China has a Communist government and a command economy. I wouldn’t trust China as far as I could spit. The bull-headiness of people who think China is acting for our good is also wrong information. The White House has made risk analysis a mute point. See Remarks by Vice Chairman Donald L. Kohn At the Conference on Credit Risk and Credit Derivatives, Washington, D.C. March 22, 2007 Asset-Pricing Puzzles, Credit Risk, and Credit Derivatives

In a two tier economy such as the US, preservation of purchasing power is the upmost importance. See Remarks by Governor Frederic S. Mishkin At Bridgewater College, Bridgewater, VirginiaApril 10, 2007 Monetary Policy and the Dual Mandate Food and energy prices are key to US of A’s social stability. The information of the housing market is in the global markets. The Federal Reserve needs to put to rest the notion that they are comfortable with the rate of inflation. PCE deflator is not important when one’s financial markets are owned by foreign governments. It is upsetting when a major financial firm’s senior manager states that he will be worried about the sub-prime market if China defends its currency.

There is enough liquity in the global markets to buffer against the liquidity drain due to the US of A’s housing implosion. The Federal Reserve loses crediablity if they do not act on inflation. I do not believe PCE deflator will fall below 2%, too much money chasing too few assets (hard and/or soft). It is better to put Greenspan’s “exclamation point “ on Fed Funds when GDP is close to trend rather than being forced to do it when GDP is less than or equal to zero.

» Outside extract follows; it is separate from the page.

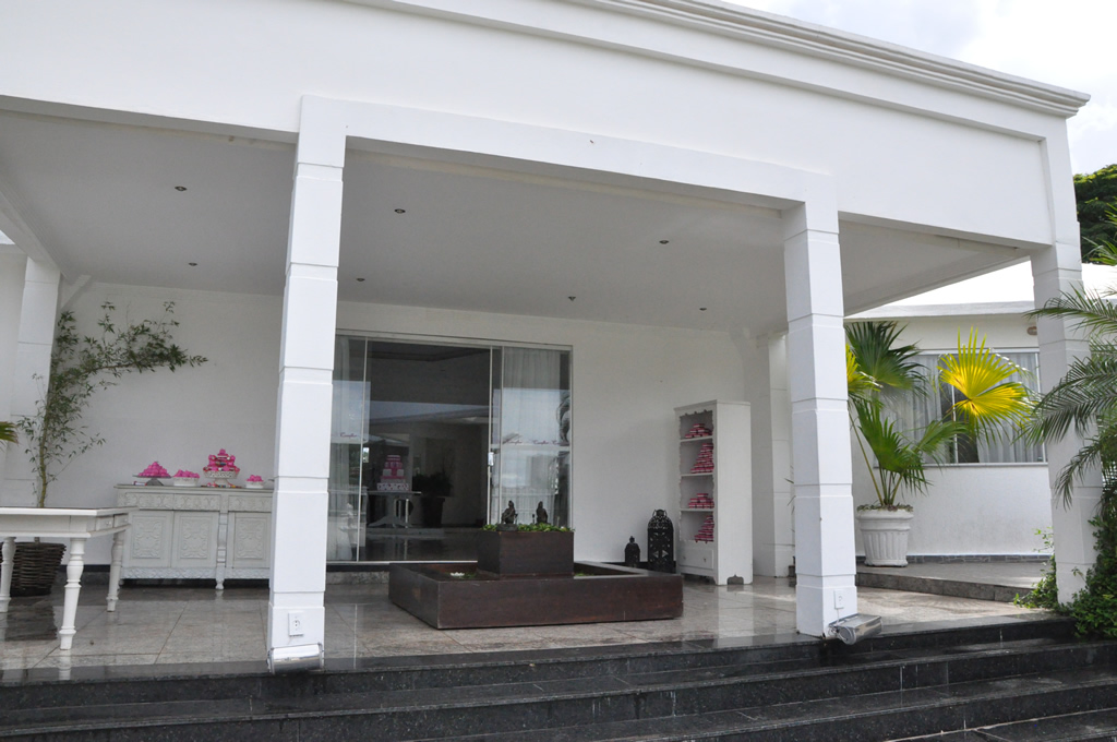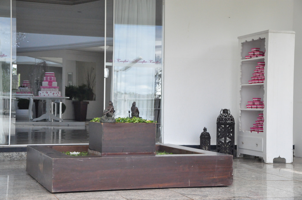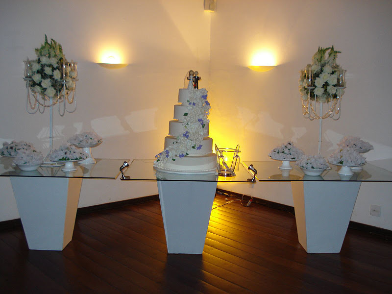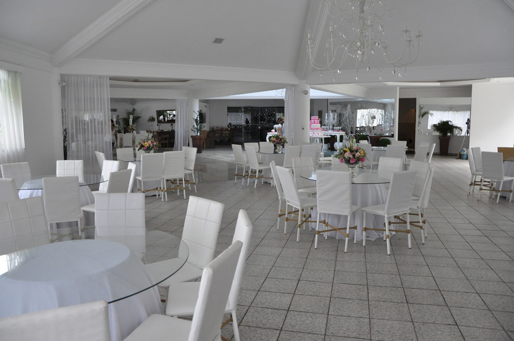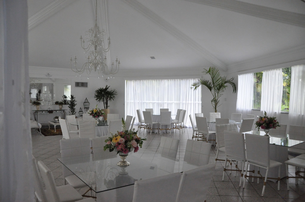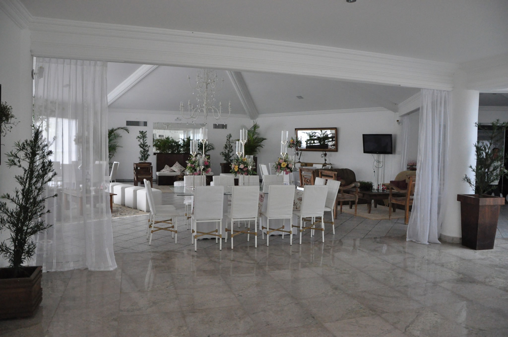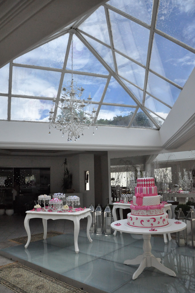 Recepção coberta: Toda branquinha, linda! Com uma clarabóia no local onde pode ser colocada a mesa do bolo.

In general, asset bubbles affect the market due to their asynchronous transport nature between storage/savings and the production process
(asynchronous transport theory). Production, Storage/Savings and Consumption are marginal (probability) processes (as oppose to conditional probability). Assets do go through the Capital/Labor process. Example: stocks provide the labor and the holder provides the capital. Stocks are held until the cost of opportunity signals a change. However assets, not used in the production process, signal a supply shortage (effective supply = actual used in the process - future supply). Proof of this information is acquired over time, which would lead to a correction. Isomorphism between production and consumption requires that effective demand = actual consumption + future.